An Act Of Civil Disobedience: Buying Factom Inc.'s Series B Nonvoting Shares

in #factom8 years ago

Recently, I committed an act of civil disobedience. I misrepresented myself to BnkToTheFuture in order to buy $1,000' worth of Factom Inc.'s non-voting Series 'B' preferred shares. As I write this, the now-closed offering
has been successfully funded. Going by the number of investors Factom attracted, I was not alone.

It was a hard decision, as the sophisticated/accredited investor regulations are both unjust and make sense. It is true that there are lots of rich folks who are dumb with their money. It's true that a lot of less-than-affluent folks are smart and prudent with their modest funds. But, it's also true that there are many wives that are stronger than their husbands. Examples abound, but they're not representative of the whole.

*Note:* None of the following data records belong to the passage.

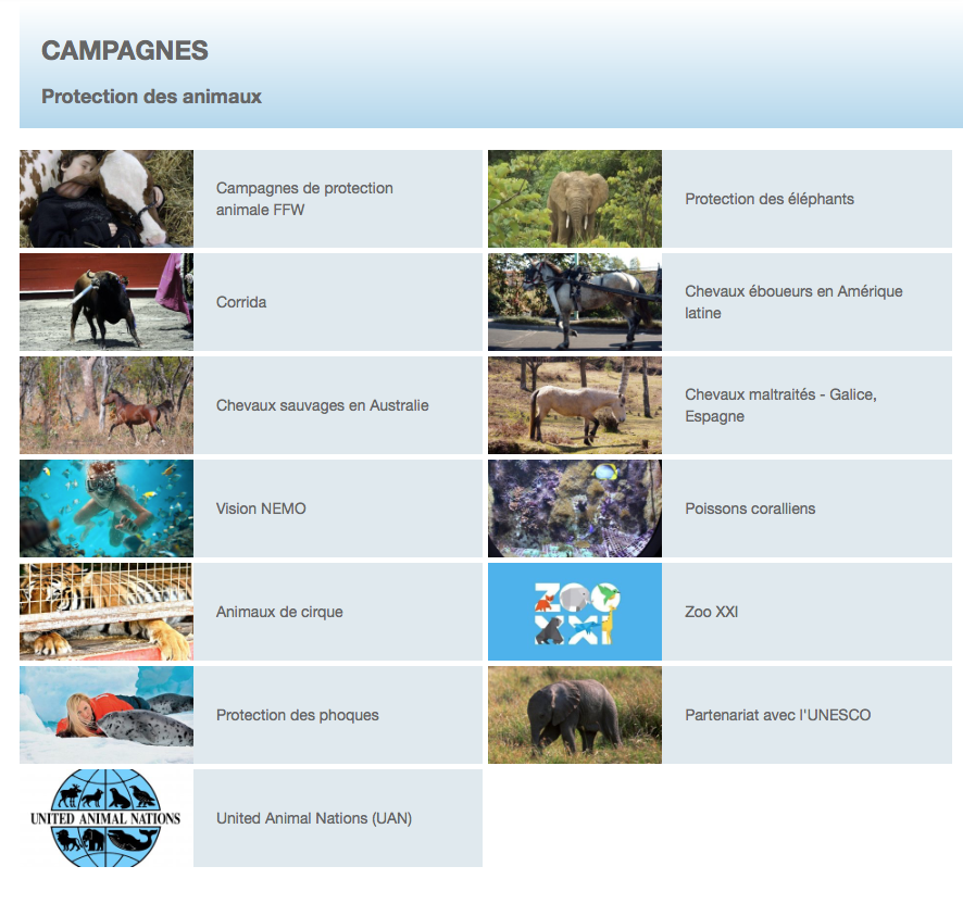 Des projets concrets, comme la création et la gestion de réserves naturelles, le dépôt d’initiatives populaires ou d’actions en justice, aboutissent régulièrement à d’extraordinaires victoires pour notre planète. Qu’il s’agisse des éléphants d’Afrique, des bébés phoques au Canada, des chevaux sauvages en Australie, ou de paysages magnifiques, la FFW cherche inlassablement à démontrer que la nature et ses beautés, la faune et la vie n’appartiennent pas à un seul pays mais à l’humanité tout entière.
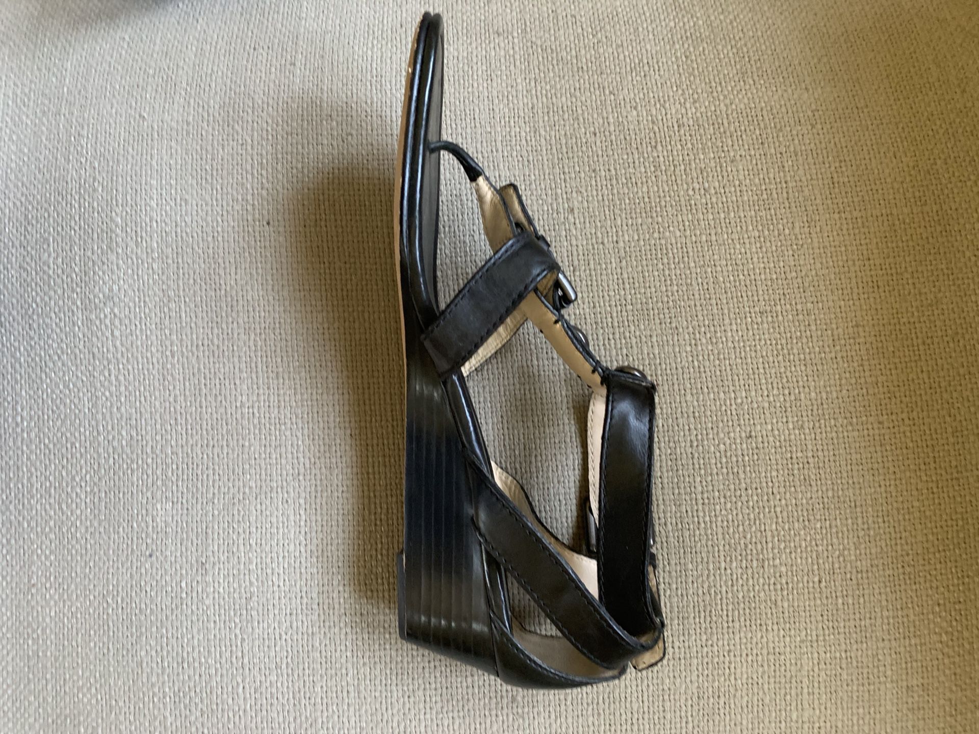 Great condition summer sandals. Small wedge leather Coach sandals. Black 8 1/2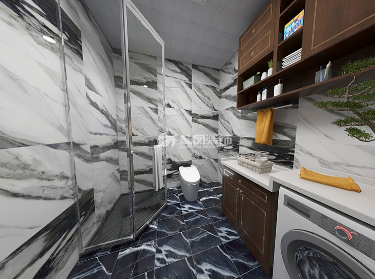 融通家园150平三室两厅新中式风格林凤装饰的卫生间的设计上,采用了比较个性的黑色地砖复合主人女儿的性格,开朗却不失优雅,雅士白的瓷砖上有黑色的自然裂纹的纹理,张扬不失优雅。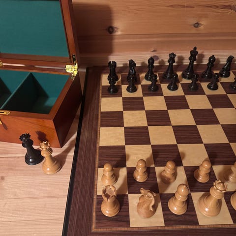Her får du et elegant og solid sjakksett i tre med sammenleggbart brett (ca. 40x40 cm).

Realizing this, I left the "Pay" tab up for a whole day while I mulled whether or not to follow through. I actually choked, closing the tab, and felt dirty afterwards. What now goes by the name of "civil disobedience" is protesters benefiting from a tradition established by far more serious folks. Real civil disobedience - particularly at the earlier stages - is nothing like the Berniebro merriment you may have seen on Youtube. In the early stage of the civil-rights movement, none of them wore a "Gee, Mom, I've Been Arrested!" grin on their faces when they were taken away.

The Tug-Of-War

As noted earlier, I found the accredited-investor laws tough to break. That's because they make sense in two ways. First of all, despite those exceptions, most folks that are astute enough to earn six-figure salaries and/or garner seven-figure net worths are astute enough to not throw their money at a bewitching rathole. Secondly, they're the types who miss any money they lose more easily. If I were a millionaire, I could get by if I had lost (say) $10,000 in a venture investment. Percentage-wise, relative to my whole portfolio, that $10,000 loss would have been far less than the big losses I'd have taken with liquid investments. But the real me would find a $10,000 loss punishing.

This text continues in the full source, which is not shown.